"Brogrammer" or "tech bro" are slang terms often used to label a stereotypically masculine programmer. Brogrammer is a portmanteau of bro and programmer. It is often used pejoratively, but some programmers self-describe themselves as a brogrammer positively as a word for "sociable or outgoing programmer", and it also tends to represent a subculture within the greater tech industry. An example sometimes cited of targeted advertising toward "brogrammers" is an early Klout hiring advert posted at a Stanford University career fair as "Want to bro down and crush some code? Klout is hiring." The company later described it as a joke and as an unfortunate misstep.
Brogrammer culture has been said to have created an entry barrier based on adherence to the image presented by its participants, rather than ability.
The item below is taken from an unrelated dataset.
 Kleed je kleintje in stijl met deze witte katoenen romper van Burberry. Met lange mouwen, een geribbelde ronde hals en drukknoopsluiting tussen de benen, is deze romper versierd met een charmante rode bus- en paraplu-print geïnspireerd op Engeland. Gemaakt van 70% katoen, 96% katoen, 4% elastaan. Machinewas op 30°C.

It can be viewed as antithetical to geek culture, which emphasizes ability and passion for field over image.
Effects on participation of women in computing
In a 2015 interview, Megan Smith, then-President of the United States Barack Obama's top policy adviser on technology, said to an audience gathered at Capitol Hill that tech companies acknowledge that their hiring of women is less than stellar; however, "despite promises to do better, only those that make it a top priority will see progress." Smith also noted brogrammers culture as a contributing factor to the issue.
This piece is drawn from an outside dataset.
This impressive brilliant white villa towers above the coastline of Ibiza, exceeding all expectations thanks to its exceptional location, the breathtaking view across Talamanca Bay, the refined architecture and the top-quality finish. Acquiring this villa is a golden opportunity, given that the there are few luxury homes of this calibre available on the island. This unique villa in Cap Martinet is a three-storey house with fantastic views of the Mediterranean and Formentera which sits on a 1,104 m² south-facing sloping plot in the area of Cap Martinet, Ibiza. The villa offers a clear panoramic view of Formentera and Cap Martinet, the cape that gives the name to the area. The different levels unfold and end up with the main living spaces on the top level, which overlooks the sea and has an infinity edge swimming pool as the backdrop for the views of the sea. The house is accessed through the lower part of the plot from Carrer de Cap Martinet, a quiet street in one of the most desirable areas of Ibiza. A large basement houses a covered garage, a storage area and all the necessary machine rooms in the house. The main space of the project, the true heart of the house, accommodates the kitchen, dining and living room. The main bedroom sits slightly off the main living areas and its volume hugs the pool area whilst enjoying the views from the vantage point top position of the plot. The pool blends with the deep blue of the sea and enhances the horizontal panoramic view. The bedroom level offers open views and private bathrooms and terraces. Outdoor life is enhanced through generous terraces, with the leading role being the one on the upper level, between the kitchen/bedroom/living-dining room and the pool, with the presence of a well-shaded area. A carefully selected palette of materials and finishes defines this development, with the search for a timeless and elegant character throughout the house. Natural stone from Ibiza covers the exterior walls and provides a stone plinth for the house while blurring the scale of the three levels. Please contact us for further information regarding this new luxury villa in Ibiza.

In a dissenting article in Gizmodo, Sam Biddle argues that the sexist effect of the brogrammer culture has actually been overblown by the press. He does not deny that there are "brogrammers", rather he argues that "the brogrammer as phenomenon is mythology, a fairytale figure conjured up by the confused and outmoded to explain progress in an old and stodgy industry." Whether or not the "brogrammer effect" is significant, many new initiatives have arisen that seek to promote women in computer science and counter hostile culture.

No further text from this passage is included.